● **Information**

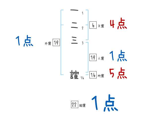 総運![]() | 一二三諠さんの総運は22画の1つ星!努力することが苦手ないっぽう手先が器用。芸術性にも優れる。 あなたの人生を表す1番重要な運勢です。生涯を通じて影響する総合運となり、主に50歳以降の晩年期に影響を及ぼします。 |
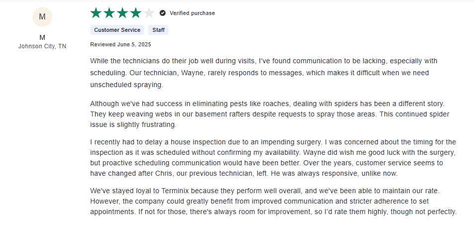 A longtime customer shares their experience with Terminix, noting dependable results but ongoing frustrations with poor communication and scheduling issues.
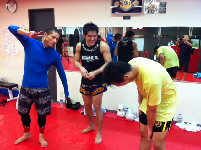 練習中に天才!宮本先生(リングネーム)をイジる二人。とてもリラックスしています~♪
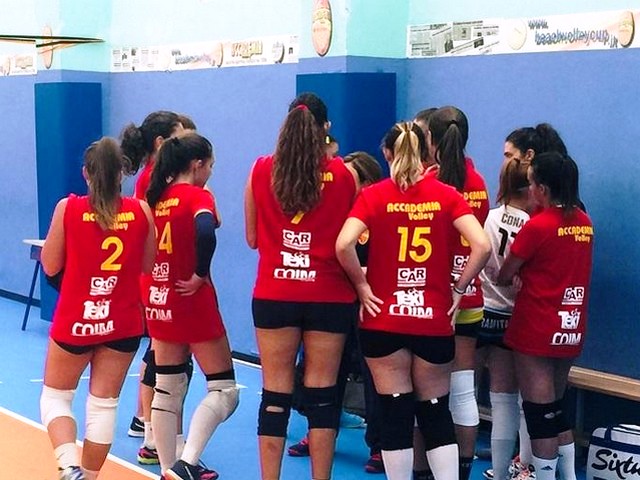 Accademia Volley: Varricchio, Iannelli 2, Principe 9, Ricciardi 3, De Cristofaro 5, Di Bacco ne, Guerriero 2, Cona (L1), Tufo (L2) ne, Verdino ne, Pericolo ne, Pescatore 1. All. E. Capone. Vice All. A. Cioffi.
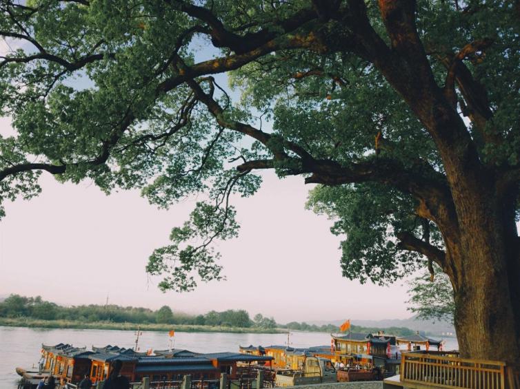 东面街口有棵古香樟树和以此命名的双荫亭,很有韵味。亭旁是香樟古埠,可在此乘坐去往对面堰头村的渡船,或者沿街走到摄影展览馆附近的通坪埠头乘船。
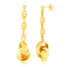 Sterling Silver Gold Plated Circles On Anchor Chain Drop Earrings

---

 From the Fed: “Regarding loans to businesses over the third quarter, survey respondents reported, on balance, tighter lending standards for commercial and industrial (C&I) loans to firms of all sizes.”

...

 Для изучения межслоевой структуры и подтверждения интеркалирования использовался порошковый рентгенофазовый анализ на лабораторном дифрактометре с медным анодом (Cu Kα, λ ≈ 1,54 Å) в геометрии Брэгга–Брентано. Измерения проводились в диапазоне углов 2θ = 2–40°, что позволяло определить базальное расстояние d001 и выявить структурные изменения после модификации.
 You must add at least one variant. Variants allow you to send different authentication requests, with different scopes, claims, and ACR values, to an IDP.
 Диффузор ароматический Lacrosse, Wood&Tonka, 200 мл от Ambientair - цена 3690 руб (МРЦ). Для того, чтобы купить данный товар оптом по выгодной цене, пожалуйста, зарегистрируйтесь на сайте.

● **Directions for this task**
Print from the line containing "A longtime customer" through the line containing "練習中に天才!宮本先生(リン" in the data above, exactly as the lines stand, and omit every picture.

● **Task response**
 A longtime customer shares their experience with Terminix, noting dependable results but ongoing frustrations with poor communication and scheduling issues.
 練習中に天才!宮本先生(リングネーム)をイジる二人。とてもリラックスしています~♪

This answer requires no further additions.